Right, so there's no information we can get at this point I think. But
raising will still trigger the dump later on.

>
> In all cases, IMHO this would be better the debug lines work with both pure
> structs and sections.

Yeah, I need to change that to something generic.

>
>> +
>>          # When we see compressed array elements, unfold them here
>>          new_fields = []
>>          for field in self.desc['struct']['fields']:
>> @@ -477,6 +481,11 @@ def read(self):
>>                      raise Exception("Subsection %s not found at offset %x" % ( subsection['vmsd_name'], self.file.tell()))
>>                  name = self.file.readstr()
>>                  version_id = self.file.read32()
>> +
>> +                if not subsection:
>> +                    raise Exception("Empty description for subsection %s" %
>> +                                    name)
>
> This is checking subsection==None??  I doubt whether this will hit..
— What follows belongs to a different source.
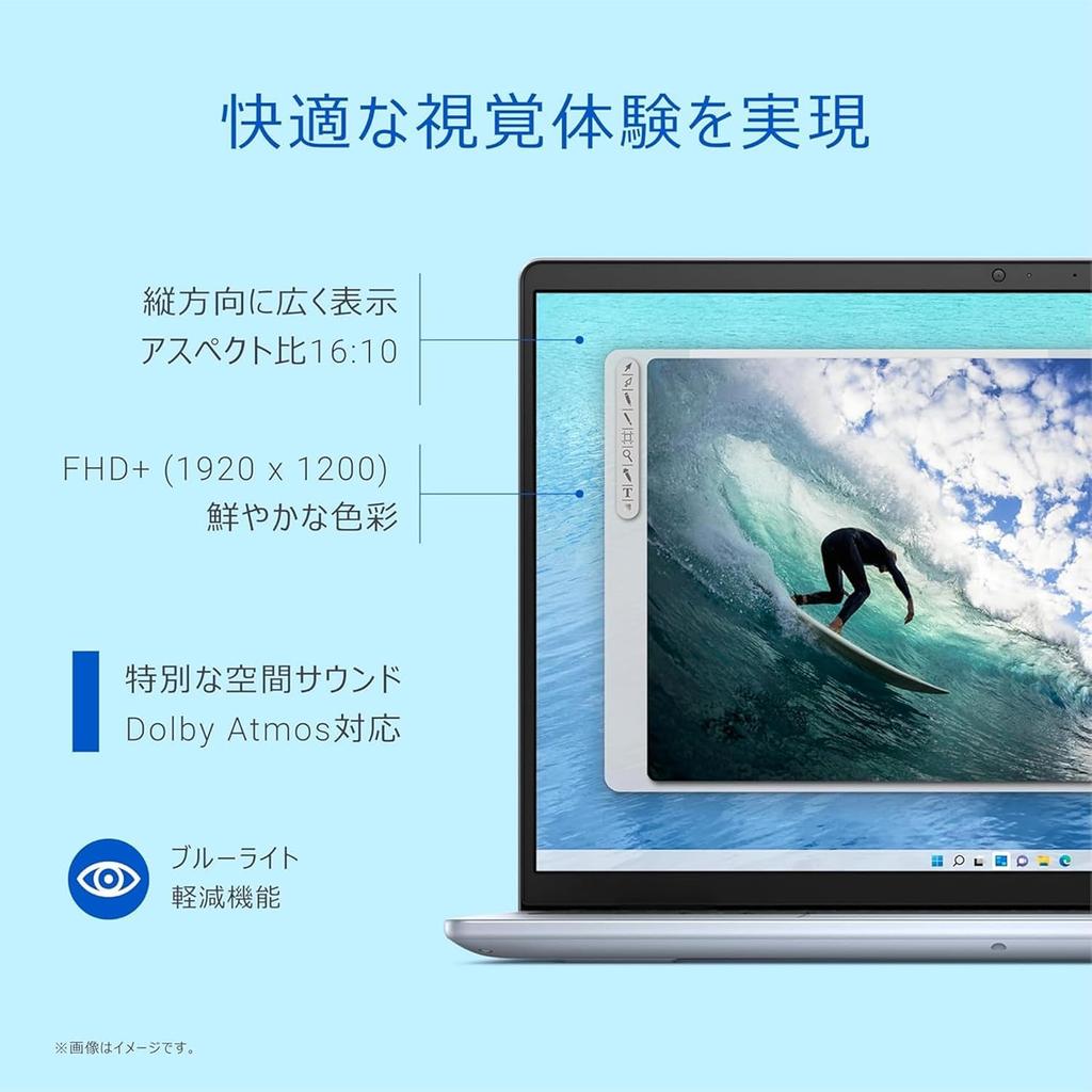 The Full HD camera boasts a wide dynamic range and features temporal noise reduction for a better collaboration experience. Built-in AI noise reduction technology enhances voice clarity. Hear more. Feel more. Enjoy a 3D audio experience with Dolby Atmos. Plus, a built-in mechanical shutter provides enhanced privacy. Leverage AI for a more comfortable work and personal life. The Inspiron 14, equipped with the AMD Ryzen 7 8840U processor, lets you use AI as your personal assistant. AI supports your everyday tasks, from managing budgets and schedules to composing email replies. Create engaging, creative content with AI-enabled features at your fingertips. Leverage AI to efficiently design and optimize workflows in the workplace. Product Description: Product Number: DELL Inspiron 14 5445 Operating System: Windows 11 Home 64-bit (Japanese version) Processor:

Well, there could be a None in the list of subsections somehow, no?

>
>> +
>>                  self.data[name] = VMSDSection(self.file, version_id, subsection, (name, 0))
>>                  self.data[name].read()
>>  
>> @@ -575,9 +584,8 @@ def __init__(self, filename):
>>          self.filename = filename
>>          self.vmsd_desc = None
>>  
>> -    def read(self, desc_only = False, dump_memory = False, write_memory = False):
>> -        # Read in the whole file
>> -        file = MigrationFile(self.filename)
>> +    def _read(self, file, vmsd_json, desc_only = False, dump_memory = False,
>> +              write_memory = False):
>>  
>>          # File magic
>>          data = file.read32()
>> @@ -589,7 +597,7 @@ def read(self, desc_only = False, dump_memory = False, write_memory = False):
>>          if data != self.QEMU_VM_FILE_VERSION:
>>              raise Exception("Invalid version number %d" % data)
>>  
>> -        self.load_vmsd_json(file)
>> +        self.load_vmsd_json(file, vmsd_json)
>>  
>>          # Read sections
>>          self.sections = collections.OrderedDict()
>> @@ -632,12 +640,25 @@ def read(self, desc_only = False, dump_memory = False, write_memory = False):
>>                      raise Exception("Mismatched section footer: %x vs %x" % (read_section_id, section_id))
>>              else:
>>                  raise Exception("Unknown section type: %d" % section_type)
>> -        file.close()
>>  
>> -    def load_vmsd_json(self, file):
>> +    def read(self, desc_only = False, dump_memory = False,
>> +             write_memory = False):
>> +        file = MigrationFile(self.filename)
>>          vmsd_json = file.read_migration_debug_json()
>> +
>> +        try:
>> +            self._read(file, vmsd_json, desc_only, dump_memory, write_memory)
>> +        except:
>> +            raise Exception("Full JSON dump:\n%s", vmsd_json)
>
> Better dump the Exception line itself too? IIUC that needs things like:
>
>   except Exception as e:
>       raise Exception(XXX, e, vmsd_json)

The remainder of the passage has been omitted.